Wednesday, April 22, 2015

Taming the fielddata

Introduction

One of the bottlenecks in scaling-up Elasticsearch is fielddata. The term fielddata does not directly refer to data but represents the data structures & caching done by Elasticsearch for doing efficient look-ups. Apart from consuming considerable chunk of memory, fielddata also impacts queries. The impact is clearly visible when you have millions of documents to query. One of the recommended solutions is to scale-out. But even if you have multiple nodes, you need to make sure every single node is fine tuned otherwise you may have to keep adding considerable number of nodes as the data set increases. In following sections we will discuss how we can optimize the fielddata usage which, in turn, should help improve the memory usage & query performance for a single node.

Use doc_value = true

Main issue with fielddata is that it consumes huge memory.
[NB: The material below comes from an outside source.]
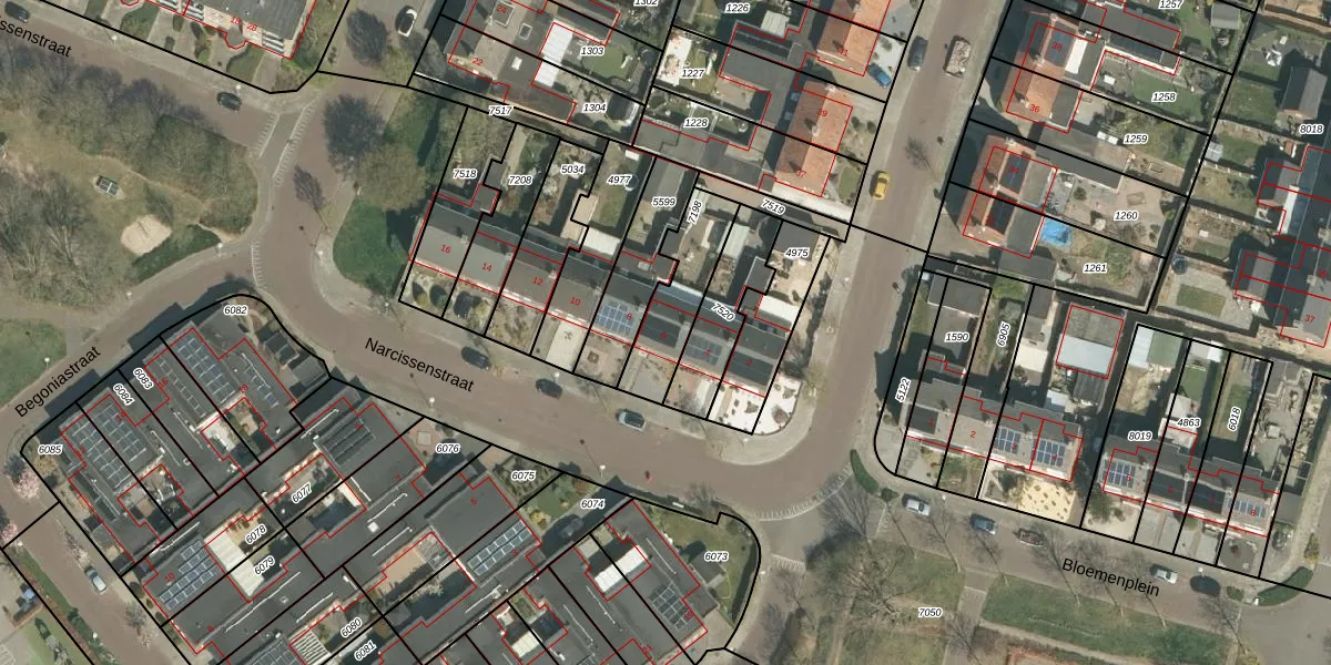 Gebruik de zoekbalk of klik op een perceel voor informatie over de adressen binnen dit perceel.

Using doc_value = true on a field in the mapping, tells Elasticsearch to use file system to store fielddata instead of memory. However, there is currently one limitation on string fields. Only non_analyzed string fields can have this option. What this means is that you cannot use doc_value = true with fields having analyzers like lower-case etc. defined on them. It becomes problem in some cases e.g. if you need to provide case-insensitive search for a field. Again, here the suggested approach it to use multi-fields mapping i.e. one analyzed and one non_analyzed field. But the moment we have analyzed field we cannot use doc_value = true on it which means that fielddata for it will be in-memory. To handle this we need to use transform script. In the transform script you need to do the operations like convert field to lower-case etc. In case you need to use analyzer then find out how you can invoke the analyzers explicitly from your transform script.
While the documentation says using doc_value improves memory usage, it can impact the performance. But in our testing it was observed that the aggregation query performance increased drastically. May be it was due to the fact that now fielddata was being queried from file system cache.

Handle sorting

Sorting is another feature where fielddata is used. When sort is specified on a particular field, Elasticsearch needs to find out the terms for the document i.e. it needs fielddata. So to avoid it we can use script based sorting. The script can take field name as parameter and return the field value from the _source. Even though there is overhead is accessing the source, we observed around 50% improvement using script based sorting.


Aggregation

Aggregation is the main feature where fielddata is required. Elasticsearch provides Scripted Metric Aggregation but using script did not help here. Best is to avoid aggregation queries if not required. For example, use script filter if you need to query for distinct documents.